Я хотела произнести имя этого человека, проснувшегося, и с беспокойством на меня глядящего, но в голове всё перемешалось. Как обратиться к нему? Дух, бес, Ви или Тэхён? Кто же он такой и какую роль по-настоящему играет в моей судьбе? Мы замерли, глядя в глаза друг другу, пока я прокручивала в памяти последний эпизод, завершивший мой путь потерянной и выброшенной ведьмы. Я загорелась, я подожгла сама себя, и после этого меня накрыл миг острой, оглушающей и раздирающей боли, за которой последовал болевой шок, едва не уморивший меня на месте. Но Дух, или Ви, или Тэхён, сорвал с себя куртку и бросился на меня, даже сквозь пламя я видела это, как он повалил меня на землю, и стал сбивать огонь, накрывая меня плотной материей своей кожанки. Она и сейчас на его плечах опалённая, сморщенная, кое-где прожжённая насквозь. И только когда всё потухло, а я стала терять сознание от боли, его губы продолжали шептать мне прямо в ухо: «Я люблю тебя, не делай этого, я люблю тебя!». Кажется, в тот момент мои щёки остудились его слезами. А сейчас он будто понял, какой момент вертелся в моих мыслях, и мы пристыжено развели взгляды в стороны. Мои глаза успели скользнуть по серьге в его ухе, и опустились к моим ладоням. Они были перебинтованы, пахли противоожоговой мазью. Так вот откуда это чувство стянутости. У меня обгорела кожа, истончившись и натянувшись. Я немножко потянула на себя плоское больничное одеяло, и увидела замотанные в бинты ступни. Выше задирать одеяло смысла не было, я чувствовала перевязку почти по колено. Область поражения огнём была не маленькой.

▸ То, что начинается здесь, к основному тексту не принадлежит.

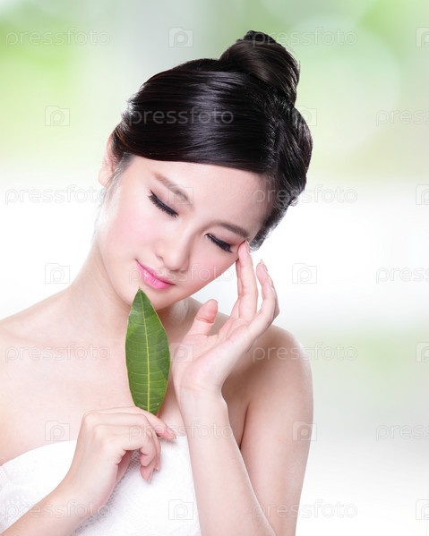 Красивая женщина с зеленым листком

– Элия… – сухим, скованным горлом обратился ко мне Ви. Я не подняла на него взгляда, и он не продолжил, ничего не сказал мне. Секунда за секундой, в моём сознании всё ещё рябили кадры, и я пыталась обмануться, вторгнуться в другой год и месяц, втиснуться в эпоху «до», убедить себя, что я ещё никуда не уходила отсюда, не уезжала из уезда Баосин, что в комнате общаги меня ждёт Мао. Потом я соглашалась с тем, что уже встретилась с теми, кто называл себя золотыми, и что теперь мы где-то на пути к Шаолиню – там всё ещё было хорошо, надёжно, честно. Или мы только-только проникли в Шэньси? Сейчас направимся к хранителю, заночуем в его старинном доме. Но нет, уже был Ханьдань, была Шаньси, был Сингапур. Был Вон. «Красавица» – впервые в моей жизни кто-то назвал меня так. Я заплакала бы раньше, но не сейчас, когда слёзы иссякли и высушились огнём без остатка. Мне захотелось разодрать своё некрасивое лицо, которое никогда никому не нравилось, в том числе и мне самой. В связи с этим родилось подозрение, а не сгорело ли оно само собой, когда я подожгла себя? Оглядевшись, я не нашла зеркала, какой-нибудь отражающей поверхности.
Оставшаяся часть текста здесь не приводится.